(Reuters) China’s experimental $1.5 million (1.16 million pounds) giveaway of digital yuan to Shenzhen citizens ended on Sunday with acclaim from currency analysts – and skepticism from some users saying they preferred existing shopping tools like the ubiquitous Alipay app.
Under the week-long program, the People’s Bank of China (PBOC) gave 200 yuan ($29.75) to each of 50,000 consumers selected in a lottery in digital “red envelopes”, echoing the country’s traditional way of gifting cash.
The online wallet was accessible via an app, without need for an existing bank account, with payments accepted via smartphone scans in downtown outlets in China’s fourth-biggest city, from luxury goods retailers to snack stores.
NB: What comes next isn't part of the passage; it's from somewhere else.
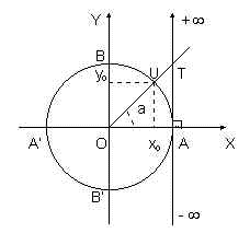 mas como y0 = sen a, x0 = cos a, AT = tg a e OA = 1, vem:

The largest such trial to date in the world’s second-largest economy had been hailed by analysts as a step forward for Beijing as it chases what has become a Holy grail among the world’s central banks – the first central bank digital currency.
“The event last week really means that the (digital yuan) has already moved from theoretical internal testing to real world practice,” said Wang Shibin, co-founder of cryptocurrency trading platform HKbitEX.
But this has sparked fears from some overseas observers: if the digital yuan, which operates outside existing financial infrastructure such as Swift, wins international traction, it could undermine U.S. dollar dominance of global payment systems.
The PBOC did not immediately respond to Reuters’ request for comment on how the Shenzhen pilot program went.
Earlier this month, seven central banks including the United States, Britain and Japan, set out key principles for issuing digital currencies.
Raymond Yeung, chief China economist at ANZ, said the digital yuan would have greater effect domestically as by allowing authorities to monitor currency circulation more closely, it would help prevent money laundering. It could also allow more targeted monetary policy, or, in extremis, levying negative interest rates on cash.
He said whether ordinary people would shop with digital yuan rather than mobile phone-based payment platforms like WeChat or Alipay “all comes down to incentives, and which ‘vendor’ gives you more motivation to use it”.
Alipay, operated by an affiliate of e-commerce giant Alibaba Group Holding Ltd, and Tencent Holdings Ltd’s WeChat Pay app dominate the business and have made China one of the world’s most advanced payment markets.
‘LATE START’
In Shenzhen’s Luohu district, more than 3,000 shops from Dolce & Gabbana to supermarkets accepted the digital yuan last week to pay for goods in part or in full using special devices to scan QR codes embedded in a mobile app. It wasn’t immediately clear how much of the total giveaway had been spent, or where.
Sceptical reactions among some Shenzhen recipients of the giveaway – long used to scanning phones to pay for goods with other systems – showed the central bank and government have work to do in convincing consumers of the benefits of a central bank-backed digital yuan.
“Alipay and WeChat Pay have been out for a long time,” said a shopper who gave only her surname, Zhong. “The new digital currency is similar to those so it’s quite late to just start the trial,” said Zhong, who said she was an accountant.
Zhong said she might consider switch to the new currency in the future, depending on how convenient and secure it felt.
Attracting users will largely depend on incentives to lure customers from Alipay or WeChat Pay, already used to buy everything from basic goods to complex financial products, say analysts.
“It’s especially important to offer convenience and other benefits to promote the use of digital yuan,” said G. Bin Zhao, senior economist at PwC China.
Beijing may bundle it with subsidies, pension accounts, or state sector paychecks, he says, but “for digital yuan to be popularly accepted, banks and other institutions need to invest heavily in applications, marketing and education.”
Another downtown Shenzhen user of the online wallet, who gave her surname as Yuan, echoed that notion, saying spending her digital currency gift was less convenient than existing options.
“I’m not planning on using it again,” said Yuan, who said she works in finance. “Unless there is another red envelope, of course.”